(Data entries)

* * *

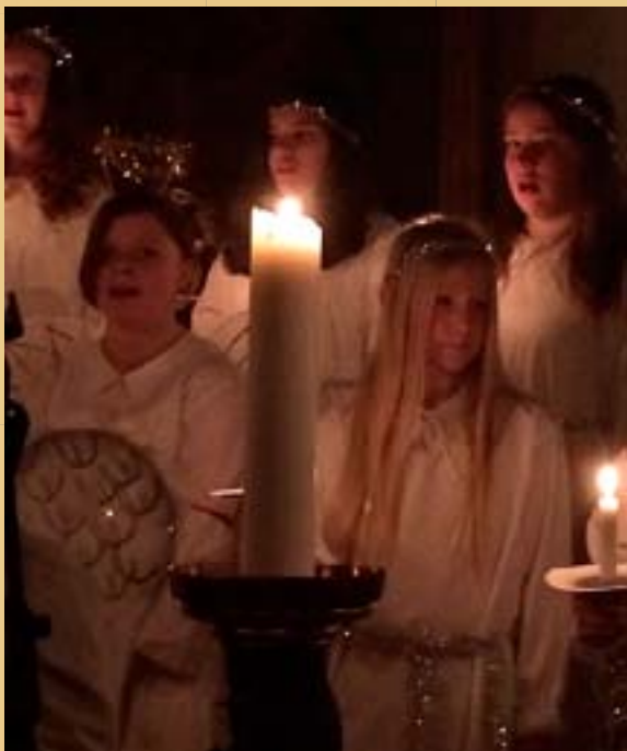
Ljuset är starkare än mörkret!

Är du inte med i vår verksamhet men vill vara med i luciatåget? Kontakta kantor Stefan Skytt, telefon 0392-130 36, SMS 070-657 82 66, e-post stefan.skytt@svenskakyrkan.se
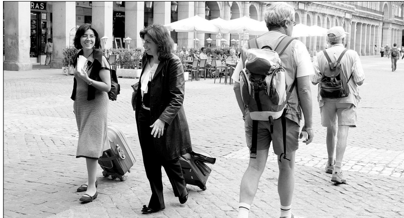
El aumento del turismo nacional será del 11% en el conjunto del año.

La primera industria nacional no va sólo a por el récord de visitantes extranjeros según estima el ministro, José Manuel Soria, sino que la parte que representa el viajero nacional, se empieza a despertar y, esto, se constata en los indicadores porque crece a ritmos de entre el 11% y el 16%. Y no sólo por la evolución de la ocupación de los establecimientos, sino porque tras varios ejercicios con el agua al cuello, el sector turístico empieza a elevar ligeramente sus precios, entre el 2% y el 3% y, sobre todo, recurre menos a las ofertas, de las que se ha alimentado en los últimos tiempos.
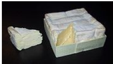
Le Pont l'évêque
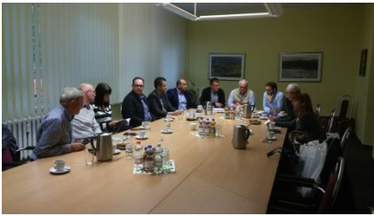
Gespräche mit der Kommunalverwaltung
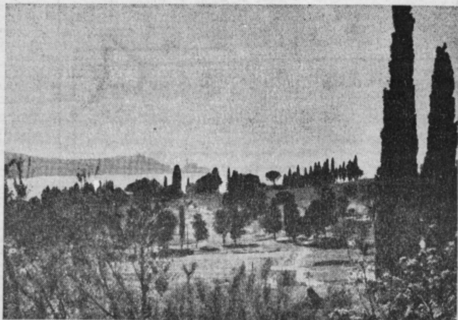
Slovenska obala in slovensko morje sta stara pravica našega naroda in tudi naglo razvijajoče se koprsko pristanišče je dokazalo gospodarsko potrebo svojega zaledja. Kje bi potekala slovenska zahodna meja, če ne bi bilo partizanske IX. korpusa pa si lahko mislimo! Na sliki: naša obala pri Strunjanu

Navdušenje ob zlomu fašistične Italije pa ni zajelo samo primorske Slovence — veseli so bili tudi italijanski vojniki, siti dolgoletnega vojaškega življenja in trpljenja. Veseli so bili italijanski delavci, med katerimi je že dolgo vrelo napredno gibanje in jih pripravljalo na upor proti fašizmu. Zato se je tudi veliko število teh naprednih Italijanov vključilo v slovenske partizanske enote, oziroma so celo ustanovili lastne in jih podredili slovenskemu vojaškemu poveljstvu. Znana je bila Tržaška brigada v sklopu sil IX. korpusa NOV in POJ, prekomorskim brigadam pa se je pridružila divizija »Italies«. Italijanski delavci so namreč spoznali, da sami ne bodo kos masčevalnim nacistom, ki so hitro dovažali v Gorico in Trst nova ojačenja in so že v drugi polovici septembra 1943 začeli veliko ofenzivo proti osvobojenemu ozemlju na Primorskem.
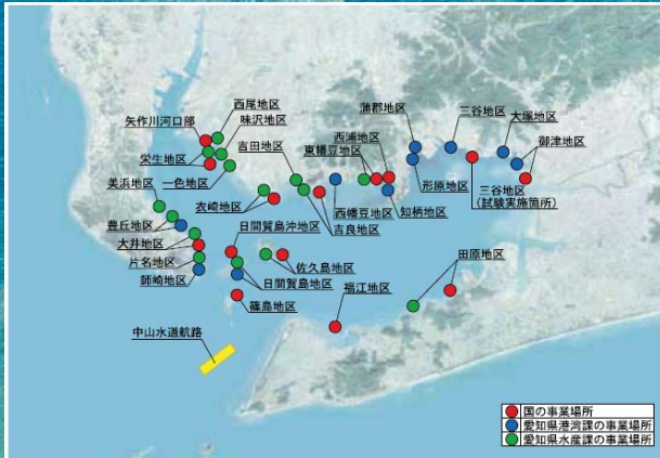
三河湾内で人工干潟等を造成した箇所

モニタリングの結果、水質・低質の改善が見られ海生生物・鳥類の多様化など多大な効果が見られました。これからも三河湾の環境を守りつつ、三河湾の整備を進めてまいります。
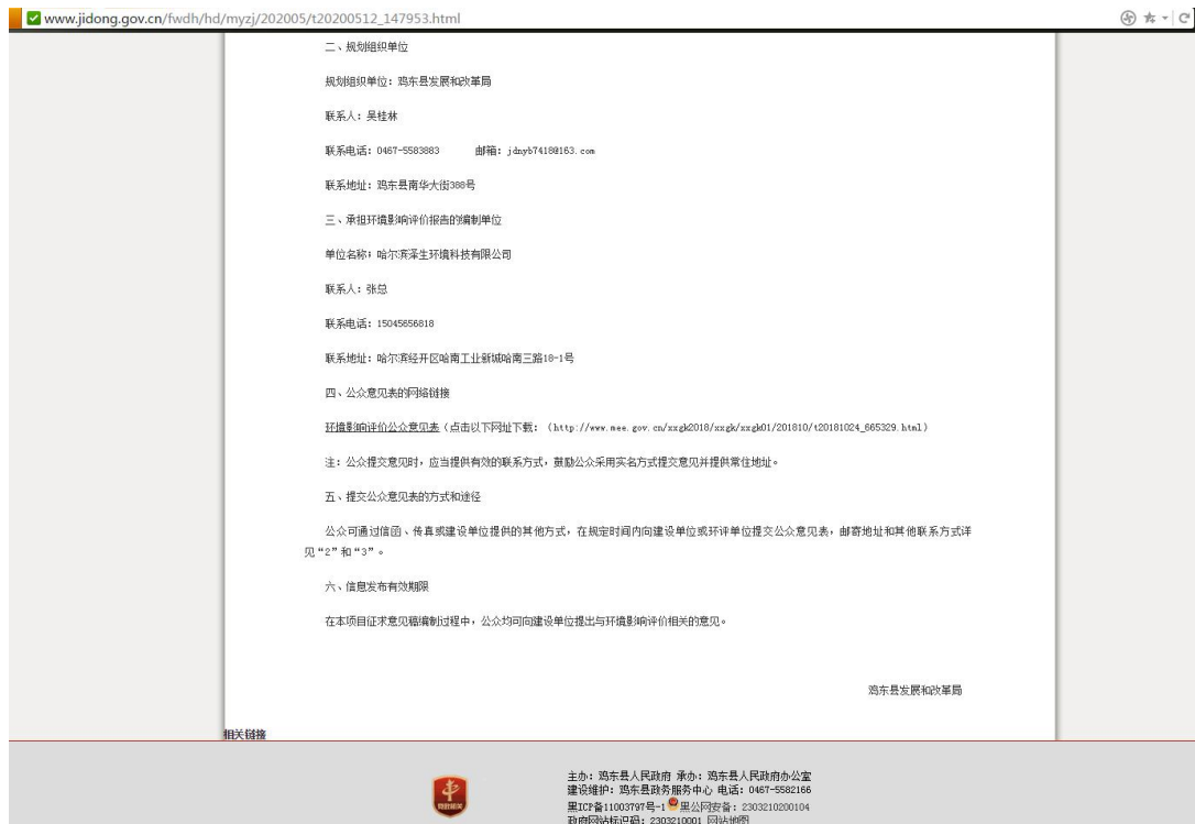
图 2-1 环评公参首次网站公示截图

* * *

▸ What you are asked to do: Each line that holds the string "tudi" is to be copied from the entries above.

▸ Reply:
Slovenska obala in slovensko morje sta stara pravica našega naroda in tudi naglo razvijajoče se koprsko pristanišče je dokazalo gospodarsko potrebo svojega zaledja. Kje bi potekala slovenska zahodna meja, če ne bi bilo partizanske IX. korpusa pa si lahko mislimo! Na sliki: naša obala pri Strunjanu
Navdušenje ob zlomu fašistične Italije pa ni zajelo samo primorske Slovence — veseli so bili tudi italijanski vojniki, siti dolgoletnega vojaškega življenja in trpljenja. Veseli so bili italijanski delavci, med katerimi je že dolgo vrelo napredno gibanje in jih pripravljalo na upor proti fašizmu. Zato se je tudi veliko število teh naprednih Italijanov vključilo v slovenske partizanske enote, oziroma so celo ustanovili lastne in jih podredili slovenskemu vojaškemu poveljstvu. Znana je bila Tržaška brigada v sklopu sil IX. korpusa NOV in POJ, prekomorskim brigadam pa se je pridružila divizija »Italies«. Italijanski delavci so namreč spoznali, da sami ne bodo kos masčevalnim nacistom, ki so hitro dovažali v Gorico in Trst nova ojačenja in so že v drugi polovici septembra 1943 začeli veliko ofenzivo proti osvobojenemu ozemlju na Primorskem.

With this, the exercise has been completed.